Opinion
Civil Action No. DKC 2005-3246.
January 9, 2006
MEMORANDUM OPINION
As noted in the earlier order to show cause, this case was removed on December 2, 2005, from the Circuit Court for Prince George's County by one of the defendants, PR Enterprises, Inc., based on an Amended Complaint joining it as a defendant, and invoking this court's diversity jurisdiction. The original complaint named only one defendant, the John Akridge Management Company. That defendant had filed an Answer in the Circuit Court on August 1, 2005, and did not exercise its right to remove at the time. After the notice of removal was filed by PR Enterprises, Inc., the John Akridge Management Company purported to consent to removal in a Status Report filed by counsel for PR on December 19, 2005. Plaintiff objects to the removal and filed a motion to remand that has not been formally opposed by either of the defendants.

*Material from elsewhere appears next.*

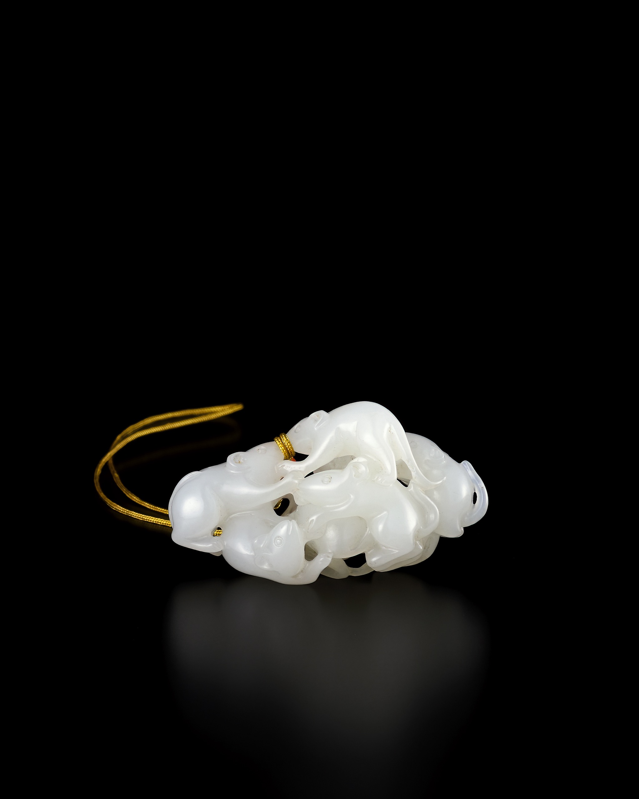 首頁 拍品總覽 2026迎春 share Lot. 1047 民國 白玉靈鼠呈祥 NT$ 50,000-80,000RMB¥ 10,000-16,000HK$ 12,500-20,000 媒材/尺寸 L5.6cm 來源 瑞象呈祥―明清圓雕集珍 Lot.1025-1055 賞析 圓雕七鼠,鼠首尖潤,雙目圓凸,耳廓貼伏,形態靈動可親。彼此攀附嬉戲,或俯首探視,或昂首相望,或回身穿行,動勢相續而不紊。玉色白淨勻雅,質地細膩溫潤,隱現脂澤。整體刀法圓融,轉折自然,形神兼備。鼠善繁衍,七鼠群聚,寓意子嗣綿延、家族昌盛,祥意盎然。 登記競投 返回拍品列表 拍品推薦 1031 清 白玉雙童 預估價:NT$ 60,000-80,000 2026迎春 1052 明 白玉龍紋帶扣 預估價:NT$ 120,000-180,000 2026迎春 1029 清 白玉豆莢 預估價:NT$ 50,000-80,000 2026迎春 1067 明 白玉鏤雕飛魚紋帶板 預估價:NT$ 100,000-150,000 2026迎春 1027 清 白玉劉海戲金蟾 預估價:NT$ 150,000-250,000 2026迎春 1022 清 白玉鏤空鳳紋壽字珮 預估價:NT$ 60,000-80,000 2026迎春 1024 清 白玉螭龍紋盤長形帶扣 預估價:NT$ 80,000-120,000 2026迎春 1107 清乾隆 黃玉三羊開泰水丞 預估價:NT$ 3,000,000-5,000,000 2026迎春 1129 清早期 雲紋錦邊筒式爐 預估價:NT$ 300,000-500,000 2026迎春 1043 清 白玉逍遙童子 預估價:NT$ 80,000-120,000 2026迎春

While the status report contains a "/s/" for the other counsel, it is not filed in conformity with this court's standard procedures for the electronic filing of documents signed by more than one attorney. See Electronic Filing Requirements and Procedure, III. E.2 (Aug. 11, 2003), available at http://www.mdd.uscourts.gov.

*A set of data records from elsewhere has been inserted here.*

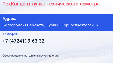 ТехКонцепт, пункт технического осмотра по адресу Белгородская область, Губкин, Горноспасателей, 5 в дальнейшем Организация, размещена в следующих категориях:
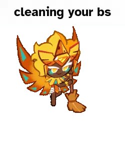 Animated pixel art sticker of Burning Spice Cookie, a devilish character wielding a fiery sword.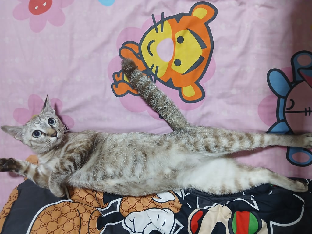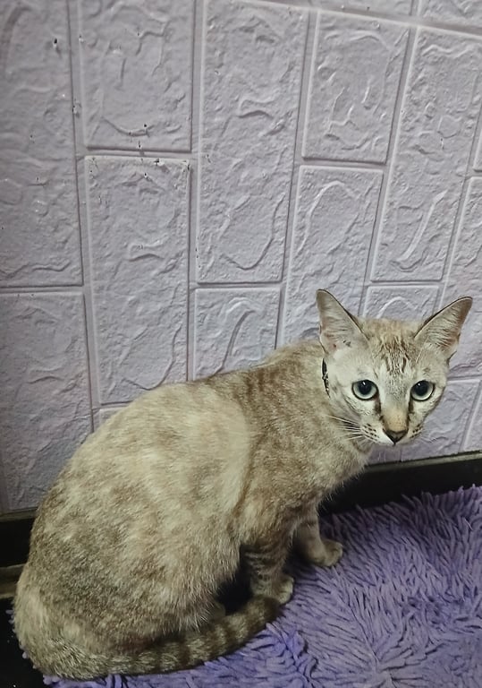 รอยตำหนิ: หางงอเล็กน้อย กลางหลังสีขาวๆนวลๆชอบแอบ ชอบวิ่งหนีคนถ้าจับได้แล้วคืออุ้มได้

The Fourth Circuit follows the "first served" rule, requiring that a case be removed, if at all, within thirty days of the time the first defendant is served in a diversity case. In McKinney v. Board of Trs. Of Mayland Cmty. Coll., 955 F.2d 924, 928 (4th Cir. 1992), the court held that: "[I]ndividual defendants have thirty days from the time they are served with process or with a complaint to join in an otherwise valid removal petition." In discussing the rationale for that holding, the court remarked on a slightly different timing situation than presented in that case:
In a different situation, where B is served more than 30 days after A is served, two timing issues can arise, and the law is settled as to each. First, if A petitions for removal within 30 days, the case may be removed, and B can either join in the petition or move for remand. See 28 U.S.C. § 1448. Second, if A does not petition for removal within 30 days, the case may not be removed. See, e.g., Quick Erectors, Inc. v. Seattle Bronze Corp., 524 F.Supp. 351, 354 (E.D.Mo. 1981).McKinney, 955 F.2d at 926 n. 3 (emphasis in original). Here, of course, PR was not even a party to the case at the time John Akridge was served and had thirty days to remove. Other courts have concluded, however, that the later added defendant does not have a right to remove under these circumstances. See, e.g., Cellport Sys., Inc. v. Peiker Acustic GMBH Co. KG, 335 F.Supp.2d 1131, 1134-35 (D.Colo. 2004); Paradise Motors, Inc. v. Toyota de Puerto Rico Corp., 249 F.Supp.2d 698, 701 (D.V.I. 2003). But see Ratliff v. Workman, 274 F.Supp.2d 783, 791 (S.D.W.Va. 2003).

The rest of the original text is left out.